Abigail Koffler

@abigailcoughler

“Two hundred or 300 years ago in Brooklyn, this is what you would have been drinking,” explains Rob Hendrickson to a group at Brooklyn Cider House in Bushwick as he opens a tap.

Armed with fun facts—the wooden barrels contain cider from about 83,000 apples— and nicknames for the various raw ciders—you may start with the Goldilocks, a bright cider with lots of acid— the team of guides leads groups through a four-course meal with a cider catch between each course. The cider catch includes a Basque-style cider which is poured straight from the barrel to your glass.
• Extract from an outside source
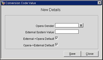 To configure the Gender conversion code, highlight the conversion code in the Conversion Code column and select the New button. The Conversion Code Value screen appears.

Known as “txotx” to the Basque people of northeastern Spain, this method of pouring from height makes the cider bubblier as it hits the glass and yes, spills are common. Over the course of several hours, and multiple rounds of catching, the guides leave guests satisfied and curious for more.

All photos: Abigail Koffler/Bushwick Daily

Cider has an association with the colder months of the fall, and the best cider according to a founder Susan Yi, who used to be an English teacher in her former life, is made from the freshest apples possible, rather than ones that wait for months in cold storage.

The apples are harvested between September and November and the cider starts fermenting immediately. Brooklyn Cider House owns an orchard and tasting room near New Paltz which grows both cider apples and sweet eating apples for snacking. The raw cider is made in Brooklyn and the other varieties are made on the farm.

However, in the Basque region of Spain that inspired Brooklyn Cider House, cider is considered more of a refreshment, than a heavy drink, making it perfect for summer. To give an example of volume, Susan compared Basque cider drinking habits to American Coca Cola or Sprite consumption. cider is something delicious to sip all day without getting too full or, well, drunk.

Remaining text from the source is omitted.